Who doesn't love a hearty bowl of stew? This vegan kidney bean stew is a healthy yet yummy bowl of goodness!
Kidney Bean Stew
1 cup dried kidney beans* (or use 2 1/2 cups canned beans)
2-inch piece kombu sea vegetable
1 tablespoon olive oil
2 clove minced garlic
1/2 cup sliced scallions
1 cup diced winter squash
1 cup chopped carrots
1 cup chopped celery
1/2 teaspoon ground cumin
4 cups vegetable broth
Sea salt and pepper
1 tablespoon maple syrup
2 teaspoons kudzu root starch
Garnish: fresh parsley
Millet Cauliflower Mash
1 small head cauliflower, cut into big chunks
2 cloves garlic, sliced
1 cup millet, rinsed
3 cups vegetable broth or water
1 tablespoon olive oil or butter of your choice
1-2 teaspoons sea salt
Black pepper to taste
If using canned beans skip to the “To make the stew section.”
To cook dried beans:
Soak the kidney beans in cold water to cover overnight or 6 to 8 hours. The next day, drain them and place them in a pot. Cover them with fresh water, enough to cover them by two inches.
Soak the kombu sea vegetable in a little cold water for 10 minutes. Drain it and discard the water. Place the kombu under the beans.
Using a stovetop pressure cooker: Bring the beans, water and kombu to full pressure over high heat. Reduce the heat and cook for about 10 minutes. Remove from heat and release the pressure. Make sure the beans are nice and tender.
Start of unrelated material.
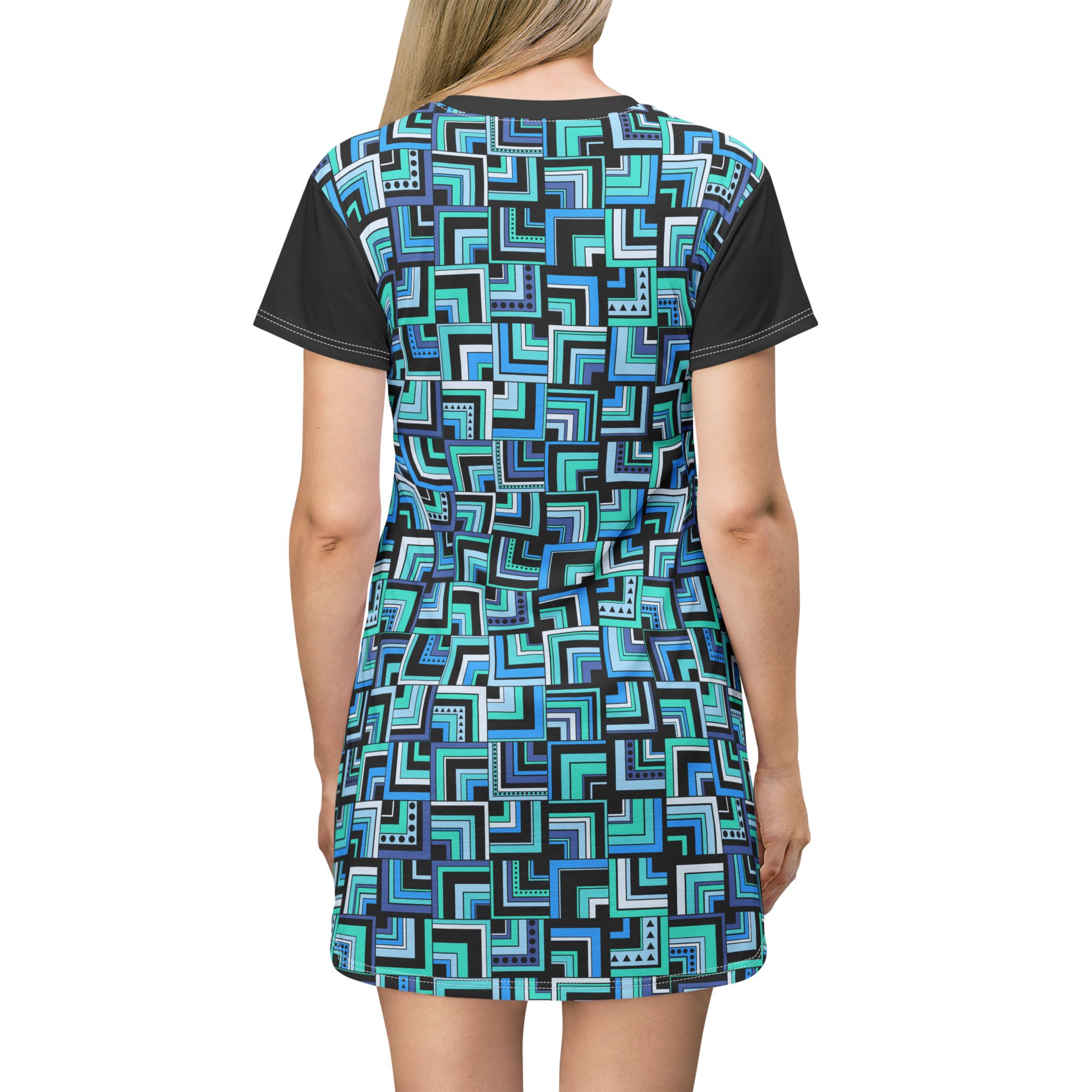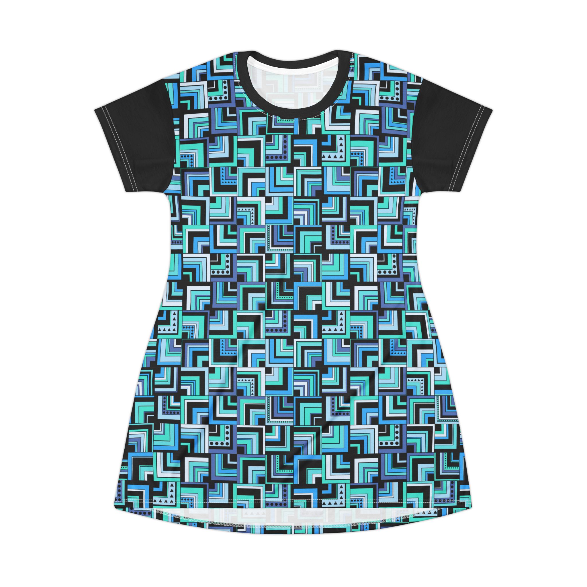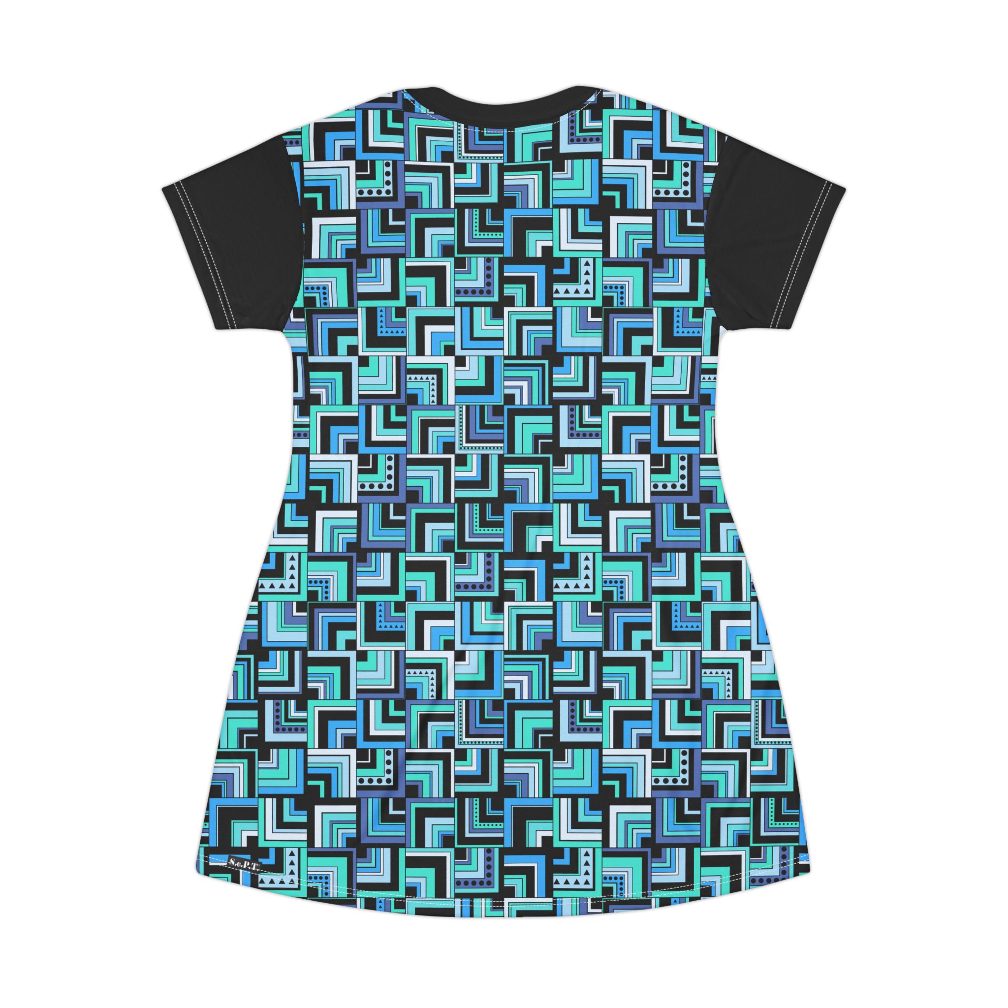 Blue Retro Corner Block Geometric Print T-Shirt Dress (S.e.P.T.™)

Using an Instant Pot: Put the beans, kombu, and water in the Instant Pot. Make sure the pressure regulator valve is closed. Cook on high pressure for 10 minutes. Once cooking is complete, let the pressure release naturally before trying to do a quick release. Make sure the beans are nice and tender.
Using a slow cooker: Bring the beans, water and kombu to a boil over medium high heat. Skim off any foam that appears and discard. Reduce the heat a little bit and continue to cook them on a strong simmer for about 10 minutes. Transfer to a slow cooker. Add additional water if needed to make sure the beans are covered with water by about an inch. Turn the slow cooker on high and cook, lightly covered, for 5 to 6 hours. Make sure the beans are nice and tender.
*Note: Kidney beans contain a naturally occurring toxin so they must be brought to a boil before using them in a slow cooker. The slow cooker may not heat up high enough to eliminate the toxin so be sure to not skip this step.
To make the kidney bean stew:
In a large soup pot on the stove top, heat the olive oil over medium heat. Add the scallions and the garlic and cook and stir for five minutes.
Add the winter squash, carrots, celery and ground cumin. Add the cooked beans. Then add the vegetable broth. Bring to a boil over medium high heat uncovered. Reduce heat to simmer on low, lightly covered, for 20 minutes. Add sea salt and pepper to taste, along with the maple syrup.
Place the kudzu starch in a small bowl and add 2 to 3 tablespoons of cold water or vegetable broth. Stir until the starch is dissolved. Slowly stir this mixture into the bean-vegetable mixture. Stir occasionally for several minutes, until thickened. If you want the texture to be thicker, feel free to add a little more kudzu that has been diluted in some cold water first.
Adjust seasoning to taste. Serve hot, over rice, pasta or millet cauliflower mash.
To make the millet cauliflower mash:
In a medium saucepan, put the onion, cauliflower and garlic. Place the millet on top and add the vegetable broth or water. Bring to a boil over medium high heat. Reduce the heat to low and simmer, covered lightly, for 25 minutes. Remove from the heat.
Add the olive oil or butter, sea salt and pepper. Mash thoroughly with a potato masher. Adjust seasoning to taste.
Serve with kidney beans stew and fresh parsley.